On a 3,000,000-row Parquet file (~22 MB), the full Parquet-to-ORC conversion runs in:
clickhouse local -q "SELECT * FROM file('events_large.parquet') INTO OUTFILE 'events_large.orc' TRUNCATE FORMAT ORC"
~0.73 seconds, best of three with a warm OS page cache, on an Apple M4 Pro laptop (14 cores, 24 GB RAM). The number can drift slightly under concurrent load, but the shape holds: the conversion is I/O-bound, not a heavyweight transform. The resulting ORC file is ~20 MB, in the same ballpark as the Parquet input, as expected for two compressed columnar formats over the same data.
Going the other way is the same one-liner with the formats swapped. See how to convert ORC to Parquet.
The same conversion runs in-process with chDB, the embeddable ClickHouse engine for Python. Same SQL, written straight to a file:
import chdb
chdb.query("SELECT * FROM file('events.parquet') INTO OUTFILE 'events_chdb.orc' TRUNCATE FORMAT ORC")
df = chdb.query(
"SELECT country, count() AS c, round(sum(amount), 2) AS amount "
"FROM file('events_chdb.orc') GROUP BY country ORDER BY country",
"DataFrame",
)
print(df.to_string(index=False))
country c amount
AU 3 48.33
DE 3 39.24
FR 3 42.27
GB 4 56.36
IN 3 45.30
US 4 60.40
No server, no temp files you have to manage, and the result lands in a real ORC file you can hand to any ORC reader.
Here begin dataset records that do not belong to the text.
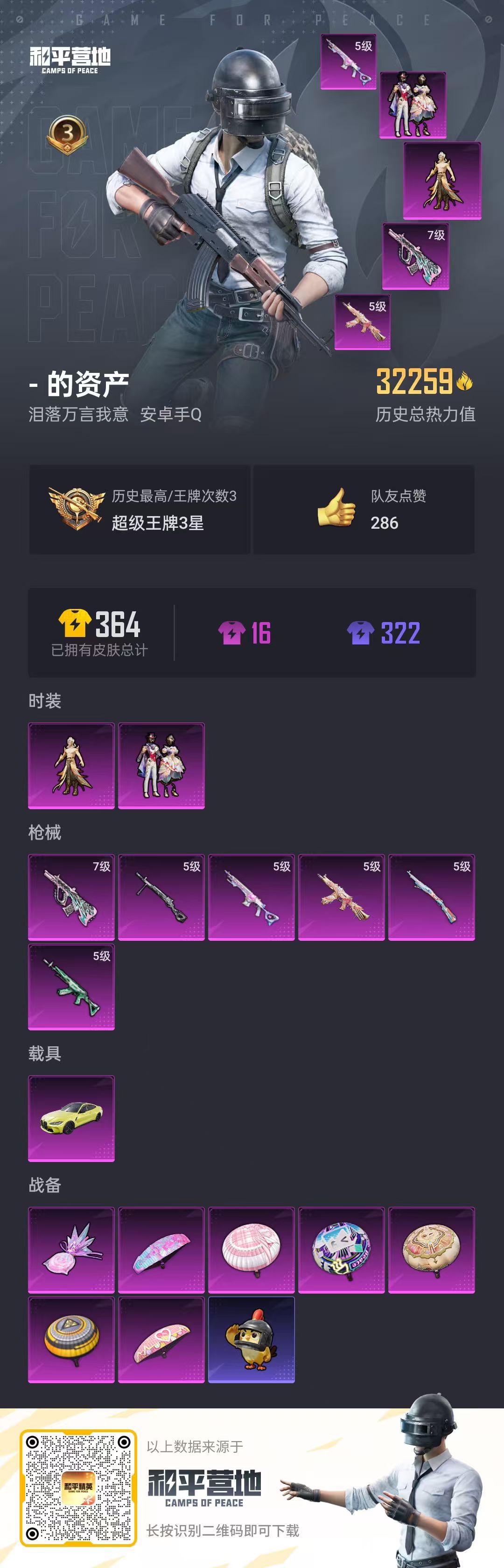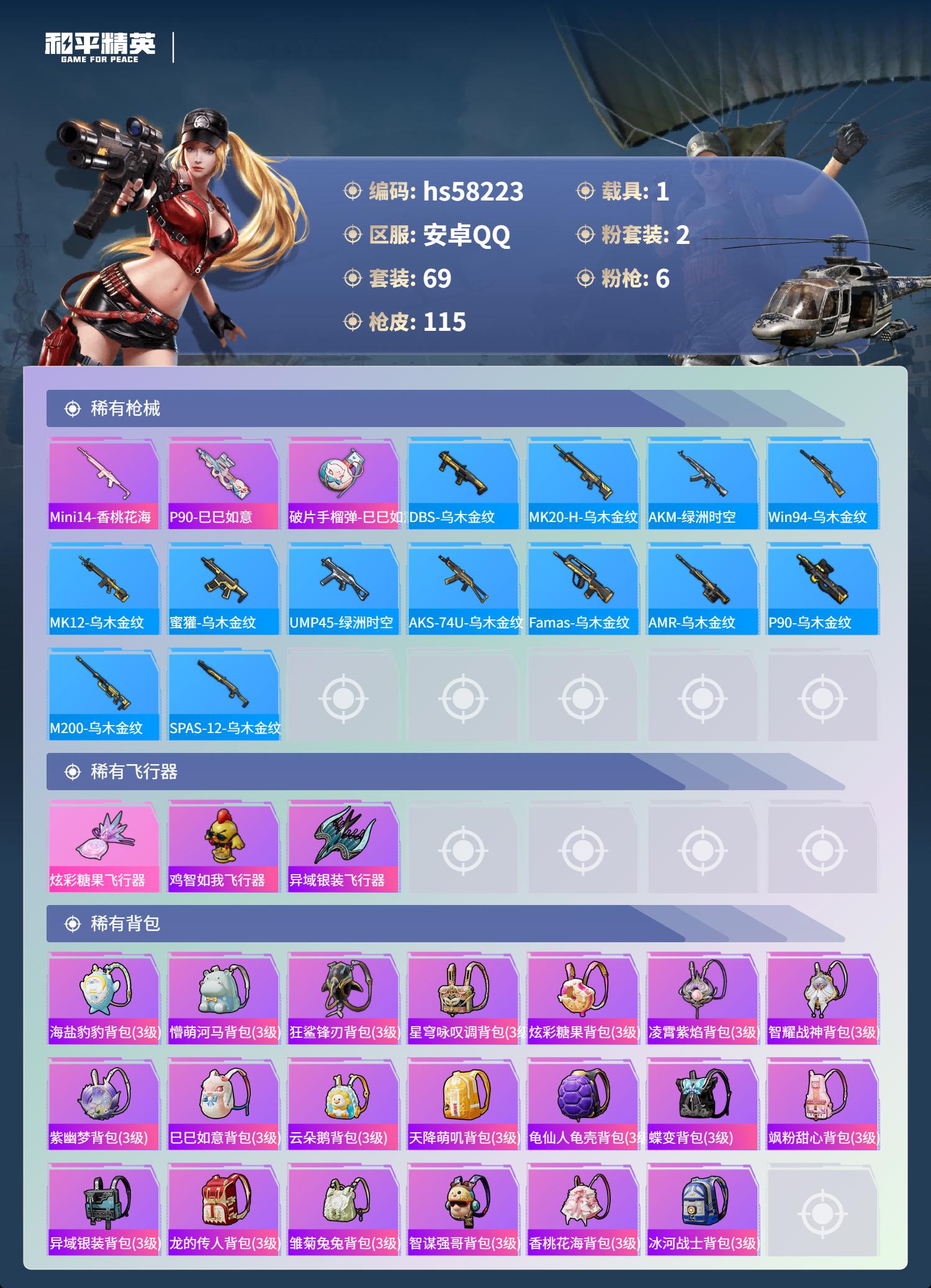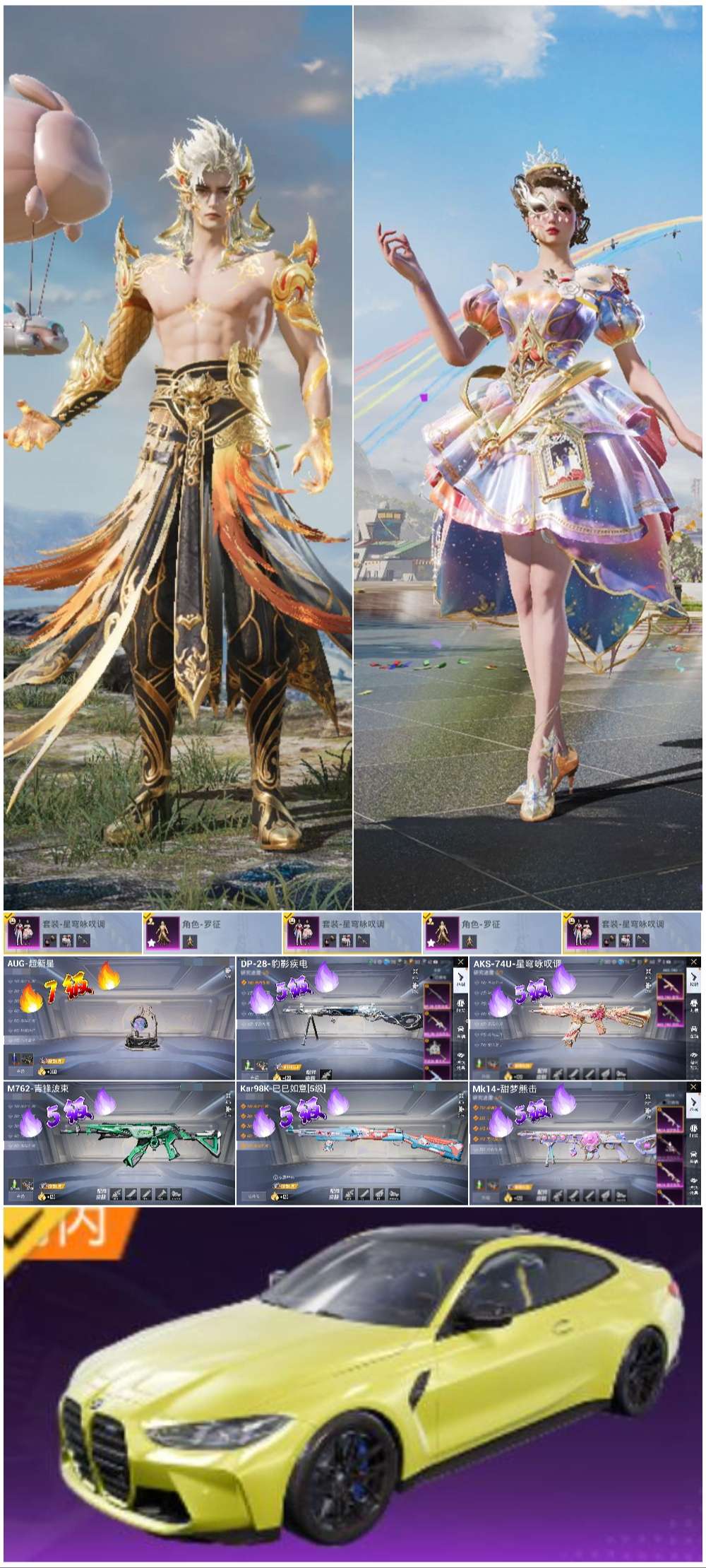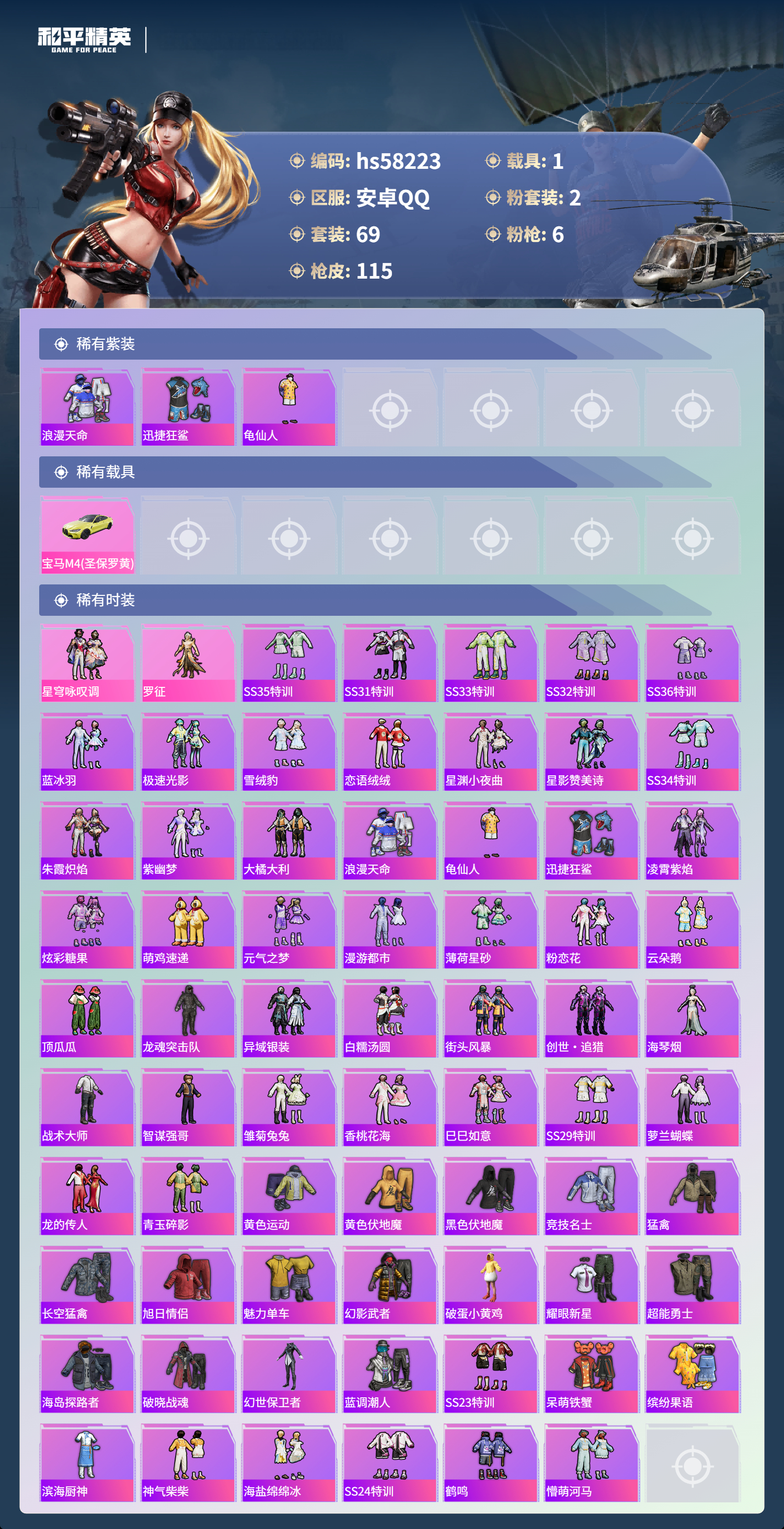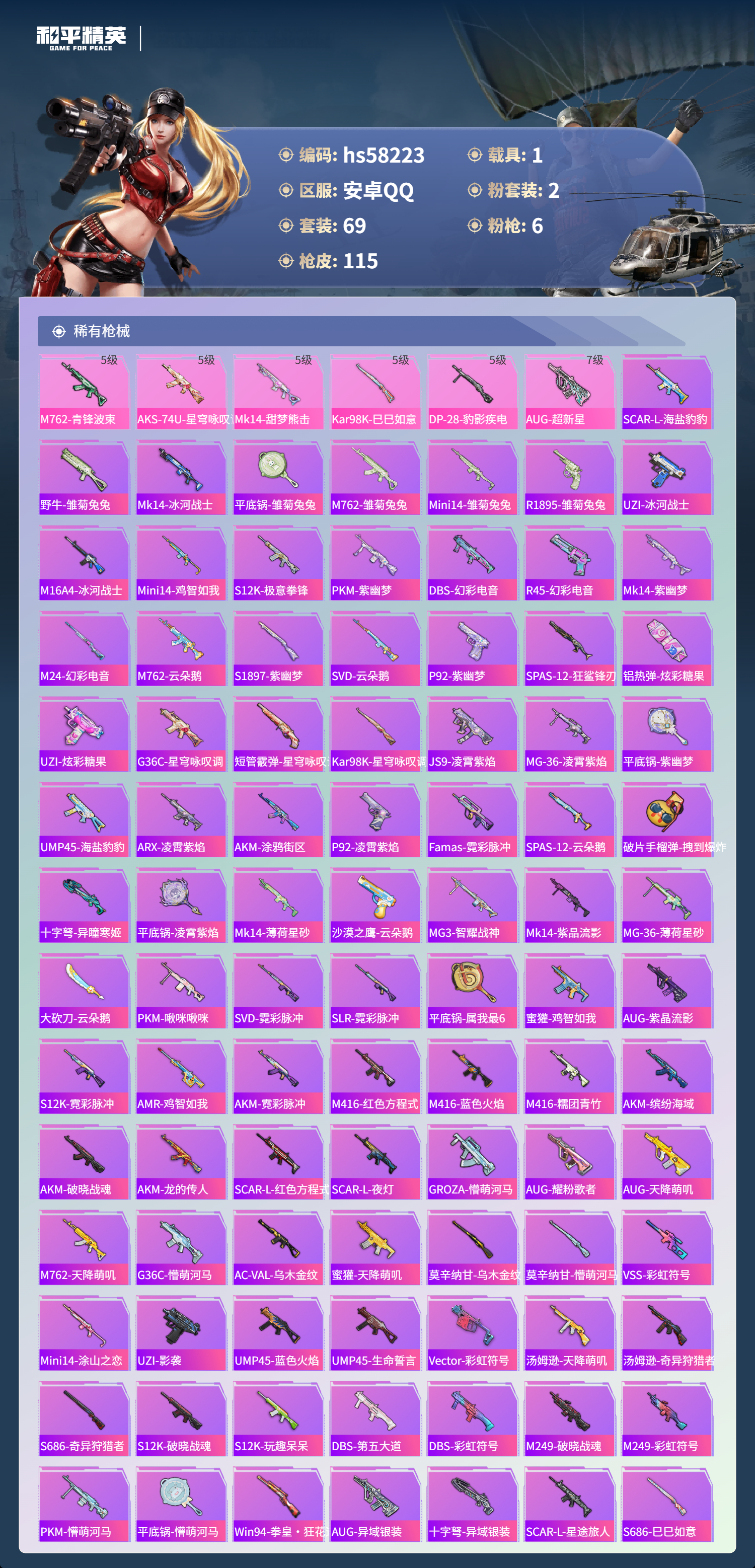 hs58223 安卓手q-3王牌印记-2粉装-6特效呛-1载具-32400热力值-69套装-115呛皮【2粉装】套装-星穹咏叹调角色-罗征【6特效呛】aug-超新星/7级dp-28-豹影疾电/5级mk14-甜梦熊击/5级aks-74u-星穹咏叹调/5级m762-青锋波束/5级kar98k-巳巳如意/5级【3稀有紫装】浪漫天命迅捷狂鲨龟仙人【1稀有载具】宝马m4圣保罗黄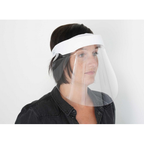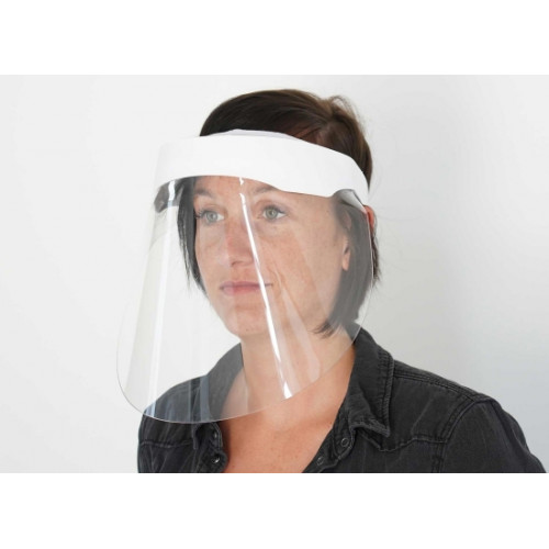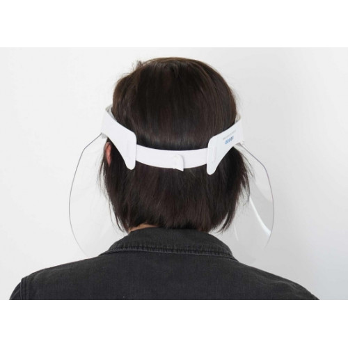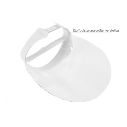 Aus durchsichtigem PETG, Hartschaum-Bügel, durch Klettband individuell verstellbar, sowie angenehme Stoffpolsterung an der Stirn.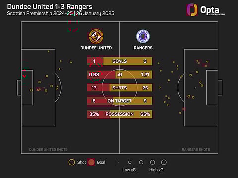 Rangers had been winless in their last four away league games heading into the contest at Tannadice Park, but put on a dominant display to close the gap to leaders Celtic.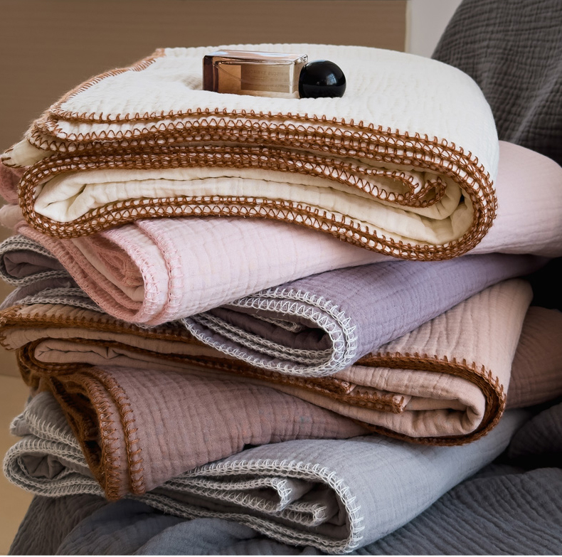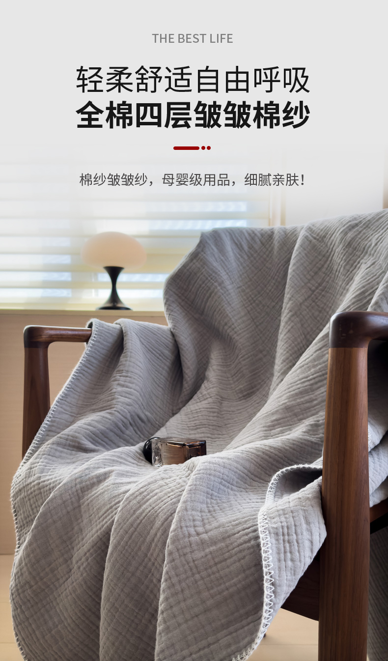 席世家四层纱布毯 奶茶灰

The complete, runnable example lives in the ClickHouse examples repo: generate.sh to create the sample Parquet files (including the 3M-row file used for the timing above), run.sh with every command on this page, run.py plus run.ipynb for the chDB version, and expected_output.txt.
github.com/ClickHouse/examples/tree/main/local-analytics/convert-parquet-to-orc
The same SQL you ran here scales straight up: from a file on your laptop, to a ClickHouse server, to ClickHouse Cloud, with no rewrite.